Pandas for Beginners

Connect with me: Youtube | LinkedIn | WhatsApp Channel | Web | Facebook | Twitter

🎥 YouTube Playlists to Learn Python:

1. Introduction to Pandas

  • What is Pandas?
  • Installing Pandas (pip install pandas)
  • Importing Pandas (import pandas as pd)

2. Data Structures in Pandas

  • Series: A one-dimensional labeled array.
    • Creating a Series
    • Accessing elements in a Series
  • DataFrame: A two-dimensional labeled data structure (like a spreadsheet or SQL table).
    • Creating a DataFrame from:
      • Lists of lists
      • Dictionaries
      • CSV/Excel files

3. Basic Operations with DataFrames

  • Viewing data:
    • head(), tail(), info(), describe()
  • Selecting data:
    • Columns (df['column'])
    • Rows (iloc, loc)
  • Filtering rows based on conditions
  • Adding and deleting columns

4. Data Cleaning

  • Handling missing values:
    • dropna()
    • fillna()
  • Renaming columns
  • Changing data types (astype())

5. Data Manipulation

  • Sorting data (sort_values())
  • Grouping data (groupby())
  • Aggregations (mean(), sum(), count(), etc.)
  • Merging and joining DataFrames (merge(), concat())

6. Reading and Writing Data

  • Reading from:
    • CSV (read_csv())
    • Excel (read_excel())
    • JSON (read_json())
  • Writing to:
    • CSV (to_csv())
    • Excel (to_excel())

7. Data Visualization with Pandas

  • Basic plots with Pandas:
    • Line plot, bar plot, histogram, scatter plot (df.plot())

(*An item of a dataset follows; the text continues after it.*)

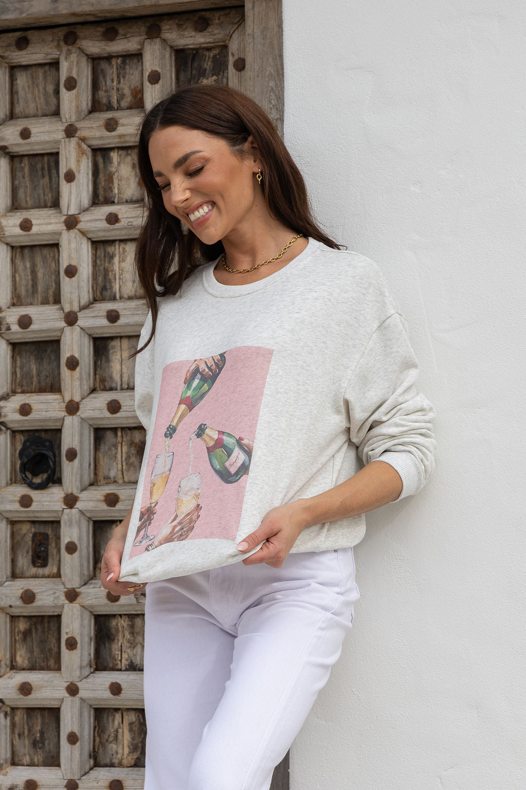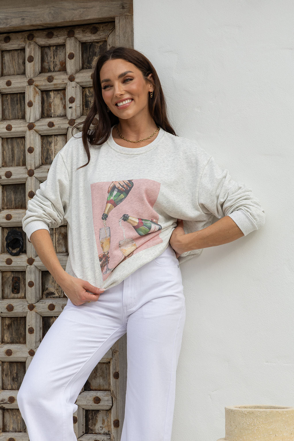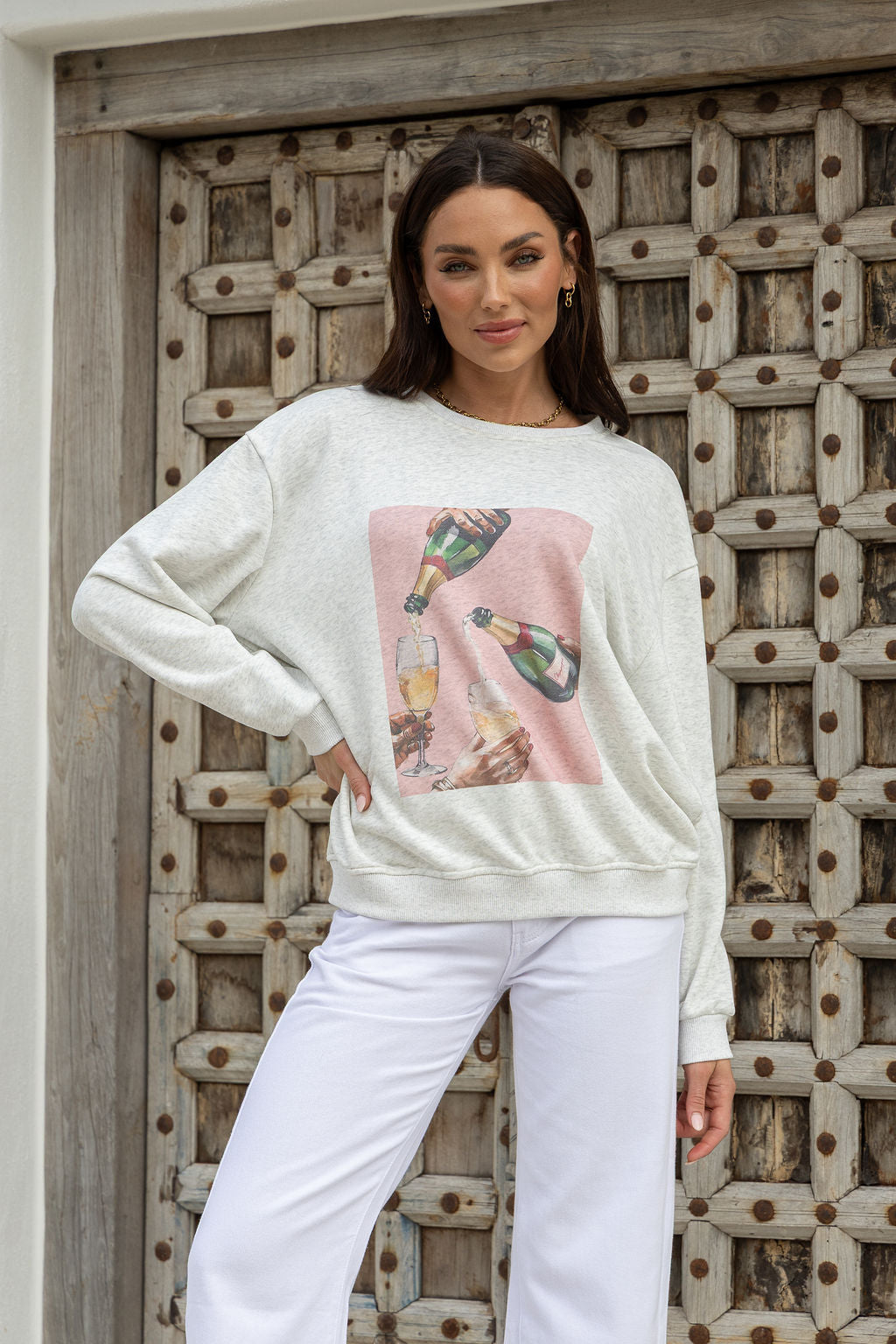 Pop the cork and make a statement in our POUR THE CHAMPAGNE JUMPER! This cozy unbrushed fleece top brings back the season's most coveted pattern in a gorgeous white marle base with eye-catching paper transfer print. The vibrant pinkacid wash adds that perfect splash of fun to your wardrobe. Supremely comfortable yet totally Instagram-worthy—grab yours and get ready for compliments to bubble over!

8. Useful Functions for Analysis

  • value_counts()
  • unique()
  • nunique()
  • pivot_table()

9. Practical Examples

  • Analyzing real-world datasets
  • Cleaning messy data
  • Simple data analysis projects

1. đź“Ś Introduction to Pandas

1.1 What is Pandas?

  • Definition: pandas is a fast, powerful, flexible and easy to use open source data analysis and manipulation tool, built on top of the Python programming language. [1]

  • Key Features:

    • Data alignment and missing data handling.
    • Support for importing/exporting data from various file formats (CSV, Excel, SQL, etc.).
    • Tools for reshaping, pivoting, and aggregating data.
    • Time series functionality.

For more details on Data alignment, see Appendix B.

1.2 Why Use Pandas?

  • Benefits:
    • Simplifies data analysis tasks.
    • Efficient handling of large datasets.
    • Allows easy data cleaning and preprocessing.
    • Combines flexibility with powerful tools for slicing, filtering, and transforming data.

1.3 Installing Pandas

  • Install Pandas using pip:
    pip install pandas
    
  • Verifying Installation:
    import pandas as pd
    print(pd.__version__)
    

1.4 Importing Pandas

  • Import the Pandas library with a conventional alias:
    import pandas as pd
    
  • Why pd?
    It’s a commonly used alias to shorten the code and improve readability.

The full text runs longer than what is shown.